Search anything:

Purpose of different layers in a Deep Learning Model

Binary Tree book by OpenGenus

Open-Source Internship opportunity by OpenGenus for programmers. Apply now.

In this article, we have explored the significance or purpose or importance of each layer in a Machine Learning model. Different layers include convolution, pooling, normalization and much more. For example: the significance of MaxPool is that it decreases sensitivity to the location of features.

We will go through each layer and explore its significance accordingly.

Layers are the deep of deep learning!


This is the highest level building block in deep learning


Layers are made up of NODES, which take one of more weighted input connections and produce an output connection.
They're organised into layers to comprise a network.

Many such layers, together form a Neural Network, i.e. the foundation of Deep Learning.


By depth, we refer to the number of layers.

A variety of functions are performed by a variety of layers, each layer possesses its own utility and significance.

  • Input layer - This is the layer that receives data.
  • Normalisation layer - It scales input data to suitable intervals such that bias shall be removed.
  • Convolutional layer - This applies filters to the input such that the features maybe detected along with their locations.
  • Pooling layer - It decreases sensitivity to features, thereby creating more generalised data for better test results.
  • Activation layer - This applies mathematical functions f(x) to input layer, such that the ability of learning something complex and interesting is developed.
  • Dropout layer - This layer nullifies certain random input values to generate a more general dataset and prevent the problem of overfitting.
  • Output layer - This is the layer that produces results, devised by our neural network.

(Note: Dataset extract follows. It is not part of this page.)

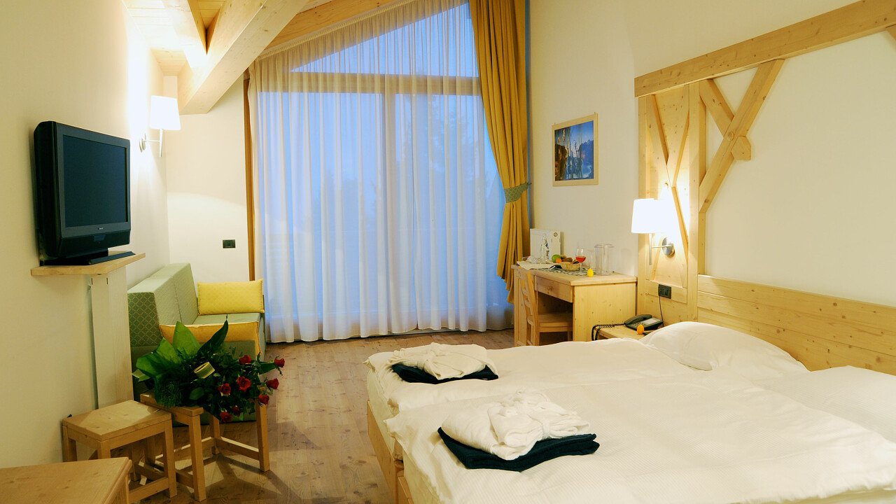 Das neue Hotel bietet ein alpenländisches Ambiente, verfügt über gemütliche, mit Tannenholz eingerichtete Zimmer, mit Teppich- oder Holzböden, Zimmersafe, Bad mit Dusche und Föhn, LCD TV, Etagenheizung und Minibar (auf Anfrage). Manche Zimmer haben eine Holzbalkendecke, einen kleinen Wohnbereich oder Balkon. Beim Familienzimmer sind die Räume miteinander verbunden.

It has been mentioned above in a particular flow, not particular to any network though, but for understanding point of view.

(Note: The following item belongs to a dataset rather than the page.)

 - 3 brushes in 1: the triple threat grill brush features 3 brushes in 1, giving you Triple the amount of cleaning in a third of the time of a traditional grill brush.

  1. Read input through the input layer.
  2. Normalise the input for efficient working (this maybe done within the input layer as well)
  3. Convolute the data to identify features. Some datasets may have predefined features. Different datasets maybe convoluted to different degrees.
  4. Pooling layer maybe introduced to decrease sensitivity to features found, making it more generalized.
  5. Activation layer(s) maybe introduced to bring out results of significance.
  6. In case of overfitting, dropout layers maybe introduces in between the code, so as to make the dataset more generalized
  7. Finally, output layer shall provide necessary results.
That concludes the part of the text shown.